Meet Richard, from Aberdeenshire
Posted 4 weeks ago in the Our partnerships category
Army veteran Richard’s spinal injury and arthritis meant he was prone to falls, and combined with the debilitating effects of PTSD, he used to fear leaving his house. Now, two years after being partnered with canine partner Ace, Richard is regaining his confidence.
Richard was partnered with canine partner Ace in October 2018. This is his story:
Before I was partnered with Ace my life was full of endless hospital appointments, which were often the only time I got out of the house as my wife was working. I was scared to go out of the house because of my PTSD and my physical difficulties. I would often fall over and people wouldn’t help – they would just walk around me. This increased my anxiety about leaving my house.
I found busy places difficult for a variety of reasons, but not least because of my physical difficulties as I can’t move quickly or easily move out of the way of other people. I felt closed in by other people and claustrophobic. I couldn’t go to the shop on my own as I couldn’t reach the items on the lower shelves. I loved going to the cricket, but I would have to wait for my friend to come and visit so that we could go together.
Discovering Canine Partners
I was at a Veteran’s event in Plymouth and someone did a talk about assistance dogs and what they can do to help. They recommended Canine Partners to me because of my emotional and physical needs. I decided to apply as I have always loved dogs so thought it seemed like a good way forward and to try to improve my quality of life.
The applications process was fairly straightforward and it was mainly just a matter of waiting for things to come together. Once I had been matched with Ace, I attended an On Site Training Course (OST). I was apprehensive at first but then I was overwhelmed by how amazing Ace was – we instantly bonded. The OST was tiring but it became easier once I became used to the routines, and when Ace and I got used to each other. With the kind support of our Advanced Trainer, we were able to overcome any fears I had of going into busy places.
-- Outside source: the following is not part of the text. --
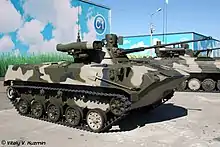 - BMD-2M – BMD-2 modernisation, with the original turret replaced by the Bereg combat module. The main armament is similar to that of the non-upgraded BMD-2, with a 2A42 cannon with 300 rounds, and a PKTM machine gun. However, the original missile system is replaced by two launchers for 9M133 Kornet missiles. A new fire-control system is installed, with a new sight including a thermal channel, a laser rangefinder, a new ballistic computer coupled with a meteorological sensor and with automatic target tracking, and a new stabiliser. A new radio is installed, and three smoke grenade launchers are added.[10]

I was nervous about going home as he had to fly up to Scotland with the Advanced Trainer, but it was so lovely to meet them both at the airport and to see he was as pleased to see me as I was to see him. Ace settled in really well at home and, despite any concerns I had about him being in a new environment, he just seemed to take it in his stride. I also have an amazing Aftercare Instructor who has been able to support and reassure me along the way.
Life with Ace
Ace helps me in so many ways and enables me to be more independent. I don’t have to constantly ask my son and wife to help me to get up, get dressed or undressed, fetch things for me, or to even just shut the door. Ace takes the pressure off me physically, as I don’t have to bend to take off my socks, to get my shoes, or twist my back to put on my coat. My mental health is also better as I feel more confident and safer. He gives me a purpose, which makes me get out of the house on days when it would have previously been easier to just stay inside. I feel more confident going out on my own with Ace, as he can help me in the shops, help me to get up if I fall down, or will go to get help if I need it.
Not long after I got home with Ace, we went to a Veteran’s Breakfast and one of the guys there said to me ‘Wow, you seem so much more relaxed’. Having him there reduces my anxieties about the situation. He also acts as a visual sign to other people that I have difficulties and they are therefore more considerate than before too.
Since bringing Ace home, I have joined Fraserburgh Men’s Shed and I have accessed a college course through them, which I never would have had the confidence to do without him. I have also been doing a Cricket Coaching course through the Fraserburgh Cricket Club, so that I can help with training sessions. I certainly wouldn’t have done this without Ace by my side.
The Covid-19 pandemic
During the current Covid-19 pandemic I am shielding as I am more at risk due to my various conditions. It makes me feel very apprehensive and worried about the future. I don’t think people understand that if I catch it I could die, and that’s very scary. I haven’t been able to go out, at least not very far. I think being stuck at home has made me dwell on the bad things from my past more than before. After getting Ace my world had started to open up again and now, sadly, it has shrunk again. But Ace has still helped, as he gets me out in the garden or in the fields for a walk, and helps me emotionally by just being there unconditionally for cuddles. In fact, our bond has grown stronger over this time.
Because of our strong bond, Ace is amazing at anticipating what support I need including retrieving items, such as my walking stick to assist me to stand up, or helping me to get undressed. During the pandemic, we have also spent time learning new skills, such as helping to zip and unzip my wellington boots.
I don’t think being in the current crisis will give the public more of an insight into how lives can be for people with physical disabilities in terms of isolation. For many people, it has been a time to make the most out of the spare time they have or they’ve been able to go out for more walks, but for me it is just another anxiety to add to my ever-growing list of fears. I feel more shackled now than ever. For people shielding, it is a crisis of body and mind. I just can’t concentrate on other things. Lockdown has further increased my isolation, it hasn’t equalised us by everyone else being isolated too.
Going forward, I think my bond with Ace will just continue to grow. He will continue to be able to support and help me in even more ways. I am incredibly grateful to Canine Partners and I think it is an amazing organisation as it offers such life changing support.